Nonspecific interstitial pneumonia/fibrosis
NSIP/F has often been confused with IPF. In retrospective analyses of patients who had been diagnosed with IPF. many were found to have NSIP/F and were noted to have a better prognosis than patients with IPF.43
NSIP/F occurs in middle-aged adults, with a mean age at onset of 49 years, but it can also affect children and older adults. There is a slight female predominance. Although some cases are idiopathic, many patients have collagen vascular diseases or immunodeficiency (including HIV infection), and some have a history of environmental or therapeutic drug exposures. A few patients have a history of an acute lung injury, such as that caused by pneumonia, ARDS, or surgery.
Dyspnea, cough, and sometimes fever are the dominant clinical features, with imaging studies showing bilateral interstitial infiltrates. HRCT scanning demonstrates bilateral, patchy areas of ground-glass abnormality, but this pattern is also seen with other disorders and therefore does not permit the confident diagnosis of NSIP/F.
NSIP/F can be diagnosed only by lung biopsy. As with IPF, transbronchial lung biopsy is not likely to produce an adequate specimen, so open biopsy is required. Pathologically, NSIP/F is characterized by a temporally uniform mixture of alveolar wall inflammation (mostly lymphocytes and plasma cells) and fibrosis [see Figure 12].

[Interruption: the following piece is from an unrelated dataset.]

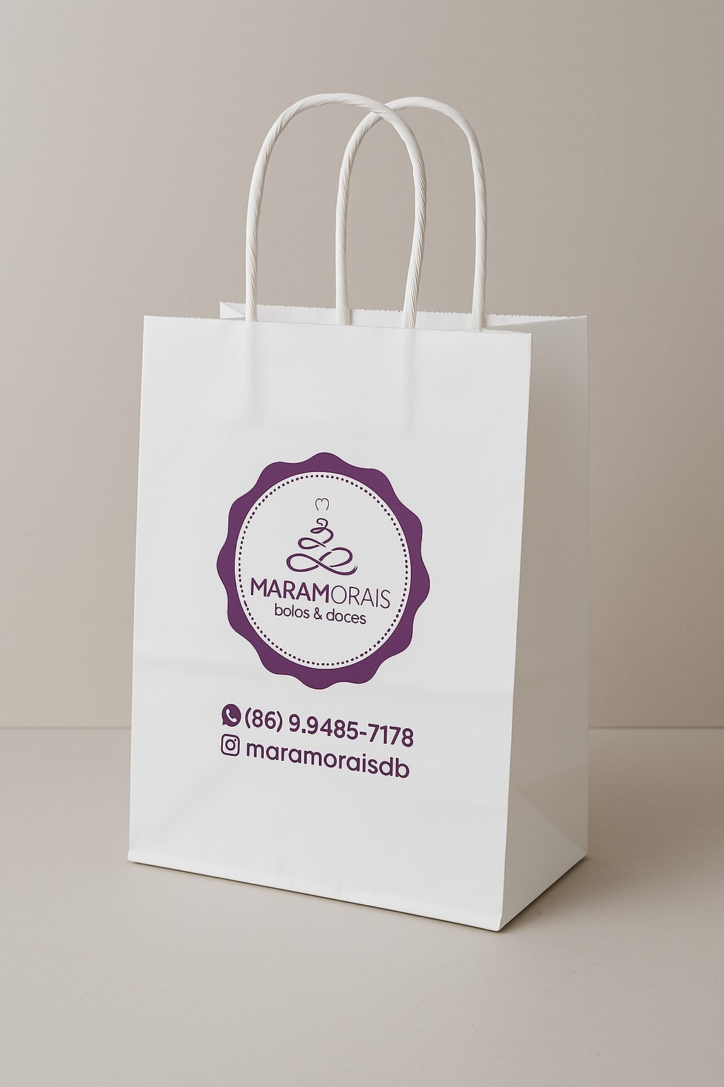 Sacola Kraft 14x21 com alça, 70 gramas colorida, sem limite de cores.

Figure 9 Desquamative interstitial pneumonia/respiratory bronchiolitis interstitial lung disease. The alveoli and septal walls are filled with macrophages, and no fibrosis is apparent.
Figure 10 Acute interstital pneumonia. The biopsy specimen shows diffuse alveolar damage.
Steroids appear to provide improvement in more than half of the patients with NSIP/F, and the prognosis for patients with NSIP/F is significantly better than that for patients with IPF.66 Some patients experience relapses, and a minority have a progressive illness despite treatment.